> **Given data**
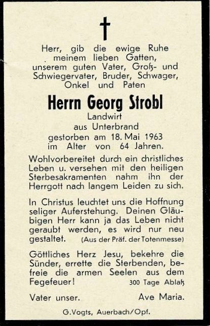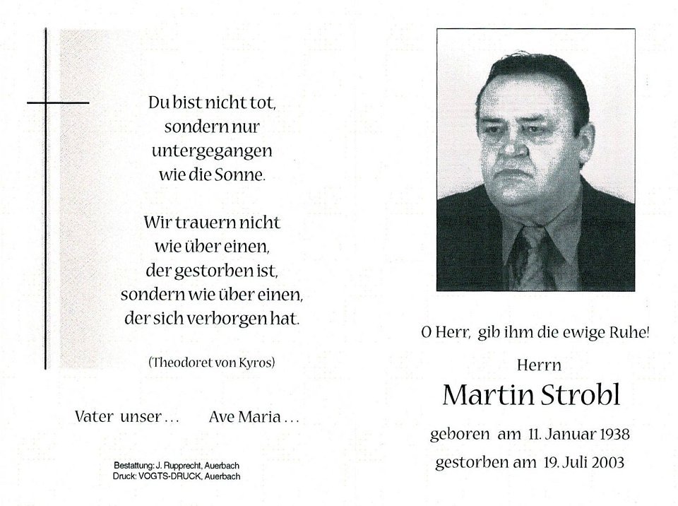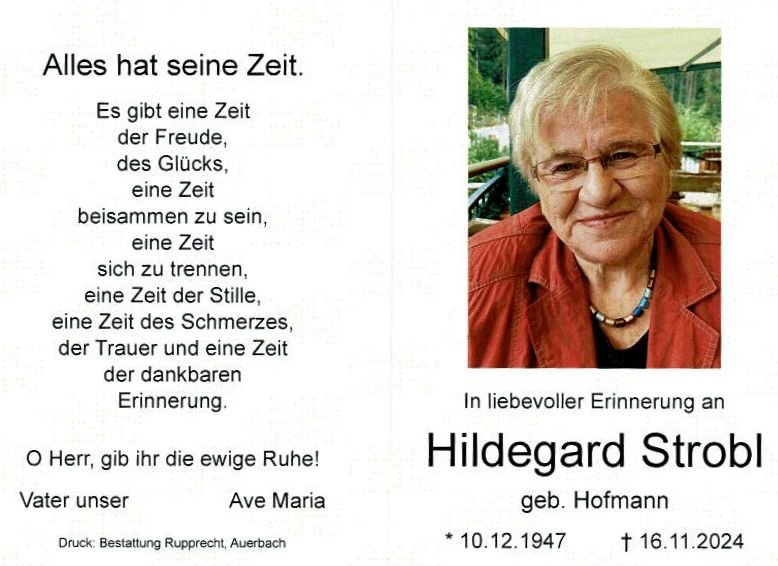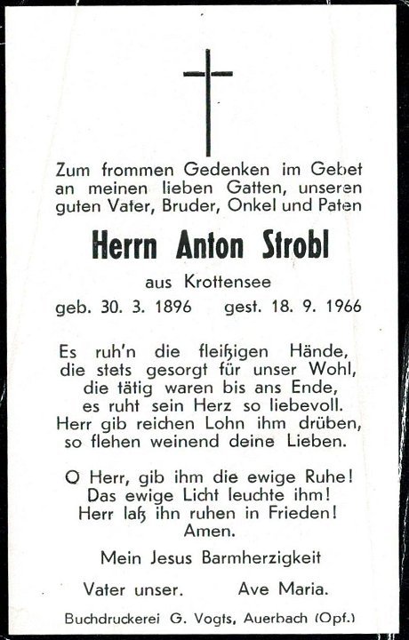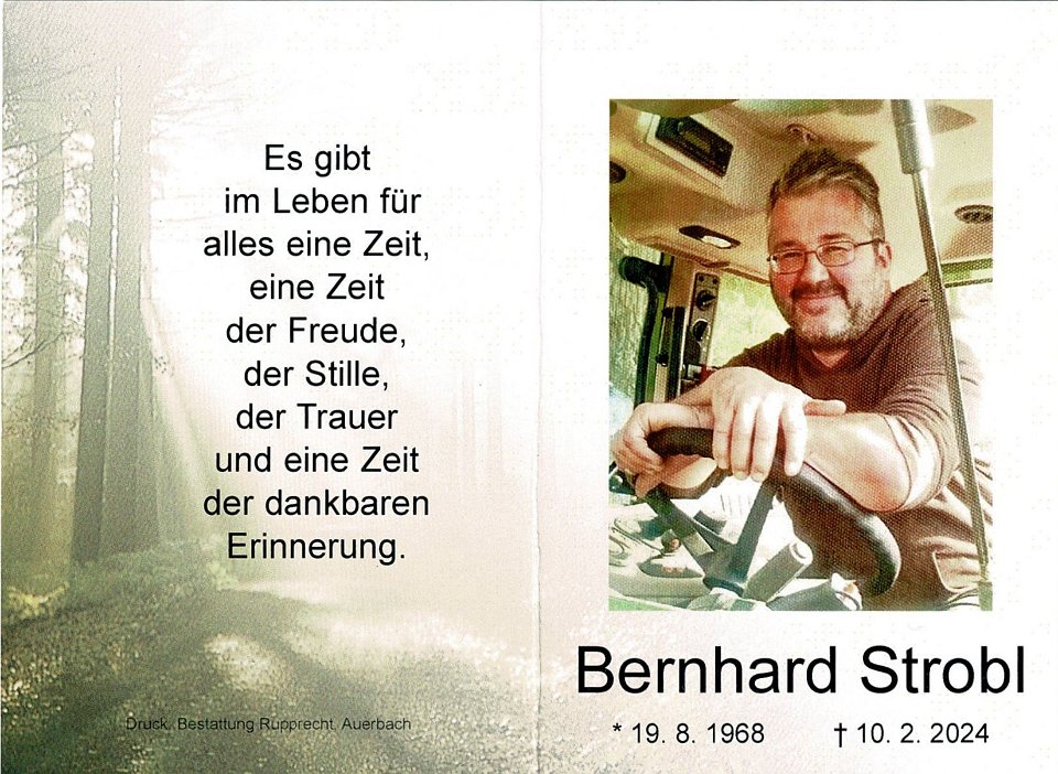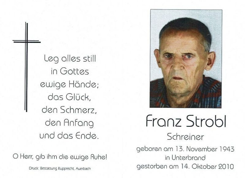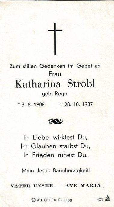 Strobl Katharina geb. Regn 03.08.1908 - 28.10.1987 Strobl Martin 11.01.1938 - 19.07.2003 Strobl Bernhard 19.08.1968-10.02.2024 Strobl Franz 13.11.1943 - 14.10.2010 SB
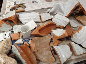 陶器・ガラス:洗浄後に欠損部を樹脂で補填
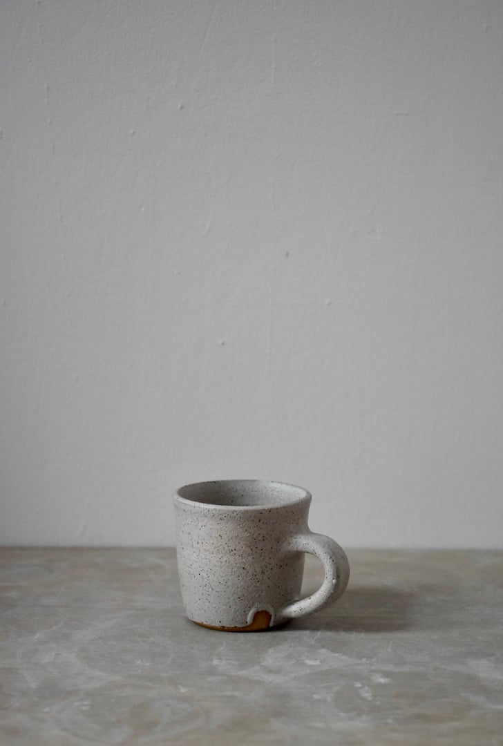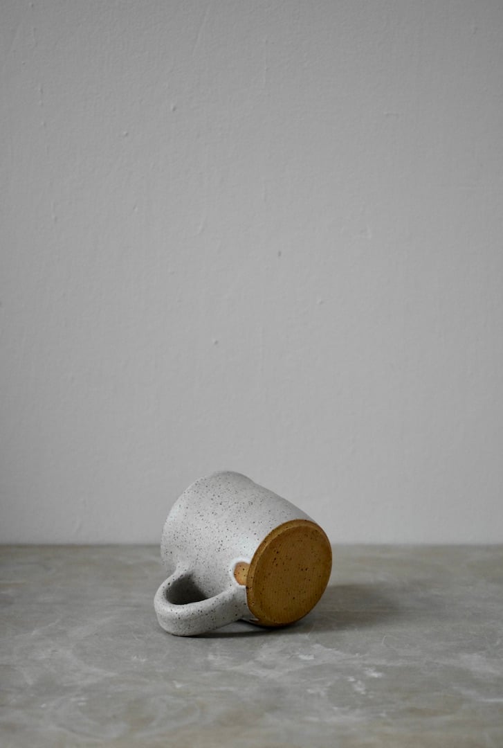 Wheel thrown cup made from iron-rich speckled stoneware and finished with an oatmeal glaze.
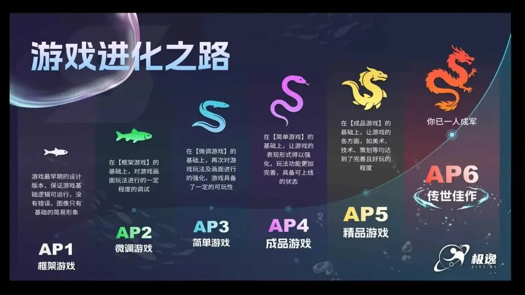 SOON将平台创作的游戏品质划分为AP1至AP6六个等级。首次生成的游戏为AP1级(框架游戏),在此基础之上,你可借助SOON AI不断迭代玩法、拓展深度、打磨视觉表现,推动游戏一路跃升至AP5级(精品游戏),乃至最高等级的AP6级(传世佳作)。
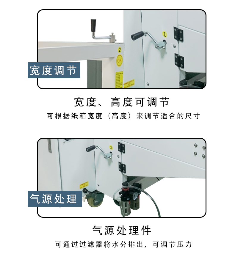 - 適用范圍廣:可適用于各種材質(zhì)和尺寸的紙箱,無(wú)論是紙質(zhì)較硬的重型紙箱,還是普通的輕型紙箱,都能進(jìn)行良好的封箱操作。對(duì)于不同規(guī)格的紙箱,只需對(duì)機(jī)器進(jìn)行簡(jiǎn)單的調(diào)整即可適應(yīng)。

> **What is expected**
Starting with the line that contains "SOON将平台创作的游戏品质", give the lines again exactly as they appear through the last line of the data, pictures excluded.

> **Result of the exercise**
 SOON将平台创作的游戏品质划分为AP1至AP6六个等级。首次生成的游戏为AP1级(框架游戏),在此基础之上,你可借助SOON AI不断迭代玩法、拓展深度、打磨视觉表现,推动游戏一路跃升至AP5级(精品游戏),乃至最高等级的AP6级(传世佳作)。
 - 適用范圍廣:可適用于各種材質(zhì)和尺寸的紙箱,無(wú)論是紙質(zhì)較硬的重型紙箱,還是普通的輕型紙箱,都能進(jìn)行良好的封箱操作。對(duì)于不同規(guī)格的紙箱,只需對(duì)機(jī)器進(jìn)行簡(jiǎn)單的調(diào)整即可適應(yīng)。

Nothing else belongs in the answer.